The Westside Gazette

Campus police kill bipolar graduate student Bartholomew Williams

Bartholomew Williams

Campus police kill bipolar graduate student Bartholomew Williams

By Frederick H. Lowe

      California State University-San Bernadino police recently  shot to death an unarmed Black graduate student who suffered from a bipolar disorder. The student was shot during a fight with police inside a campus building.

     The university police fired five shots at Bartholomew Williams, 38, fatally wounding him with a bullet to the chest, Lt. Paul Williams, spokesman for the San Bernardino Police Department, tells The NorthStar News & Analysis. The incident occurred during a struggle in the hallway of one of the school’s housing units, according to Lt. Williams, who is investigating the shooting.

     Williams, an Oregon native, was working on his second master’s degree in educational technology, Sid Robinson, a Cal State San Bernardino spokesman, tells The NorthStar News. 

     “He had enrolled in graduate school in the summer of 2011,” Robinson said. Williams took one course during the fall semester, which ended on Friday.

     Lt.
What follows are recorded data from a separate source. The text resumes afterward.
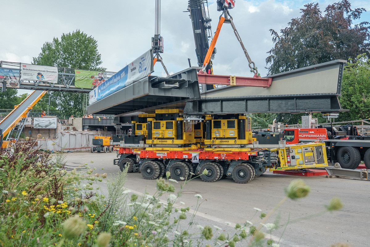 De installatie vindt plaats onder bijzonder uitdagende omstandigheden: twee parallel gekoppelde SPMT-units, een 6-assige en een 4-assige met Power Pack Unit, worden elk gecombineerd met 2x2 Jack-Up-systemen van het type JS 250. Dit maakt het mogelijk om de bruggen onder een hoek van maximaal 43 graden te installeren, rekening houdend met een helling van 8 procent in de rijrichting en 3 procent zijdelings. "Wat vooral uitdagend is, is dat we de bruggen op de SPMT's onder een hoek van 45 of 25 graden moeten plaatsen, met slechts zeer nauwe toleranties binnen de rijpaden in het brugkanaal", legt Schimmel uit. De ondersteuning wordt verzorgd door een 3-puntslagersysteem, terwijl een derde SPMT-unit de bruggen vanuit de tussenopslag transporteert. Het team wordt ook ondersteund door in totaal zeven mobiele kranen.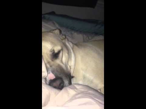 2022 年 4 月 21 日,在馬薩諸塞州馬布爾黑德的一個車庫裡, 一隻狗在他的嘴裡握住蝙蝠,...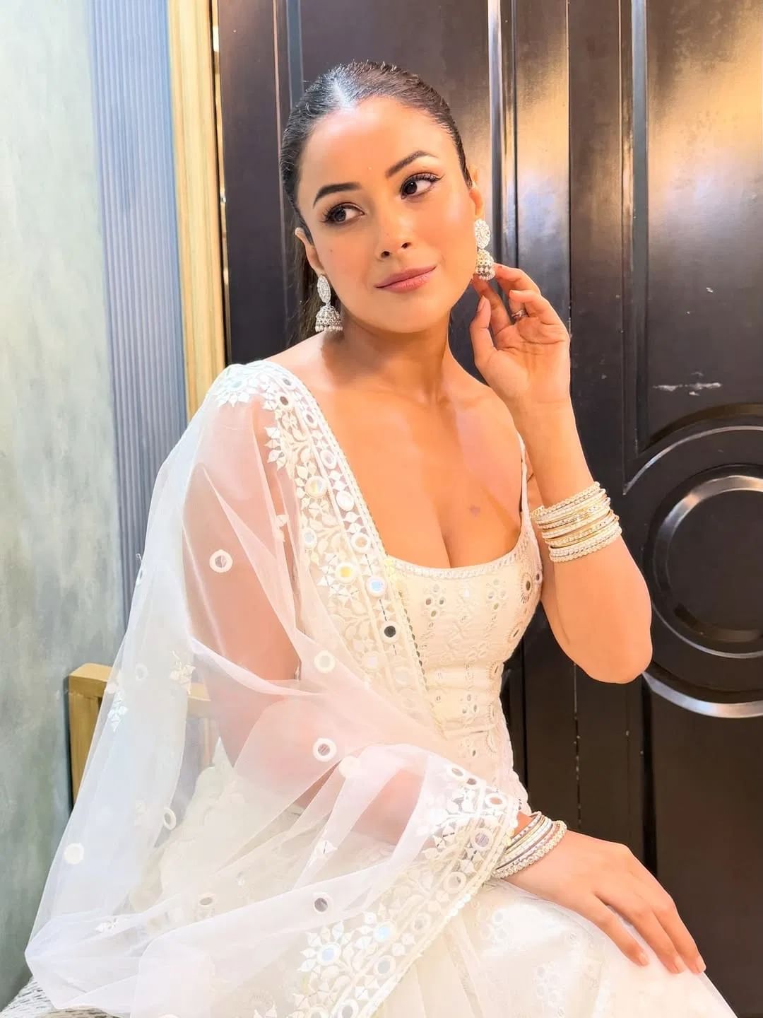ਸ਼ਹਿਨਾਜ ਗਿਲ ਨੇ ਵਾਇਟ ਸ਼ਰਟ ਦੇ ਨਾਲ ਸਿਲਵਰ ਗਲਿਟਰ ਮਿਨੀ ਸਕਰਟ ਪਾਇਆ ਹੋਇਆ ਹੈ। ਜਿਸ ਵਿਚ ਸਲਿਟ ਵੀ ਦਿੱਤੀ ਗਈ ਹੈ। ਅਦਾਕਾਰਾਂ ਨੇ ਇਸ ਦੇ ਨਾਲ ਬਲੈਕ ਕਲਰ ਦੀ ਸਟ੍ਰੈਪੀ ਹੀਲਸ ਵਿਅਰ ਕੀ ਕੀਤੀ ਹੋਈ ਹੈ। ਉਨ੍ਹਾਂ ਦਾ ਇਹ ਲੁੱਕ Boss Lady ਵਾਲਾ ਹੈ।

Williams said three university police officers had been called to University Village, a housing complex where Williams lived, after someone complained that he was causing a disturbance. It was not clear what the disturbance involved. It was the third call campus police received that day involving Williams, Lt. Williams said.
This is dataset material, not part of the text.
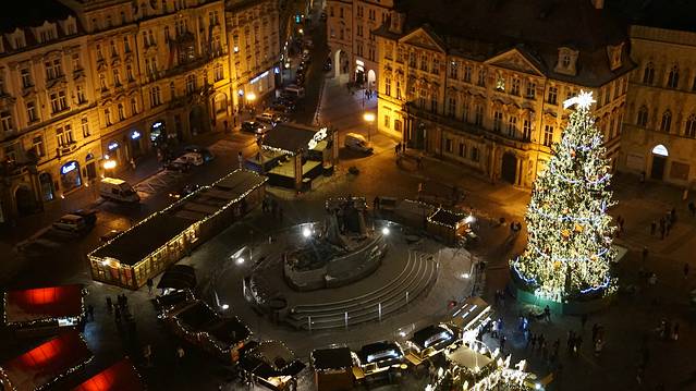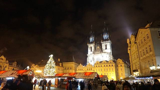 这就是完整的布拉格广场的照片啦,中间一个雕像,旁边是圣诞摊位,然后一棵圣诞树。蔡依林的“布拉格广场”,说的就是它咯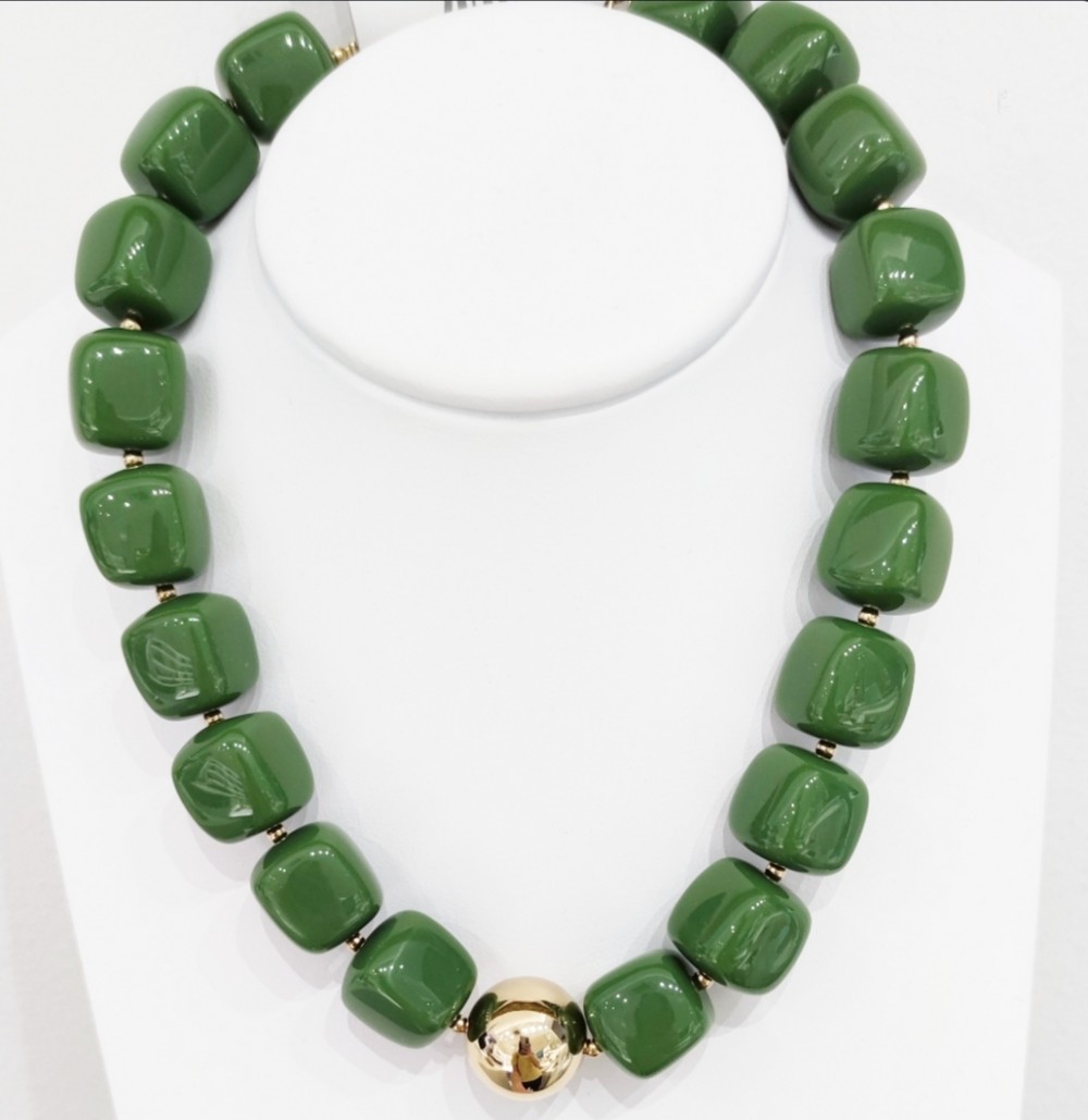 Collana in acciaio placcato oro composta da pietre naturali colorate.

     Two of the calls were received in the morning. The last call occurred around 6:30 p.m. This time, police attempted to hand-cuff Williams, and he began fighting them, Lt. Williams said. The university police ordered him to comply with their demands. Then they attacked him with pepper spray and used their batons to beat Williams, but these actions had no effect on him, police said.

     Williams wrestled one of the campus police officers to the ground and began kicking him in the head and in the chest, Lt. Williams said.  Two campus police officers, one female and one male, then fired five shots at Williams, killing him instantly.

Police said they killed Williams because they feared for their lives. The woman officer was treated at a local hospital for a sprained thumb, reported The San Jose Mercury News. The university placed the three officers on leave while the San Bernardino police investigate the shooting death.

     The NorthStar News & Analysis could not reach Williams’ parents, but they told KTLA, a television station, that their son had been diagnosed with a bipolar disorder when he was 21 years old. San Bernardino police said Williams was not taking his medication to control the disorder. The San Jose Mercury News reported that a campus physician was prescribing medicine for Williams.

     This is the second high-profile event recently involving a black man suffering from a bipolar disorder, which if untreated causes wild mood swings.

     U. S. Rep. Jesse Jackson, Jr., who was being treated for a bipolar II disorder at the Mayo Clinic in Rochester, Minn.,  recently resigned from Congress because of his mental health.

     In a statement, Cal State San Bernardino officials expressed their deepest sympathies to Williams’ family.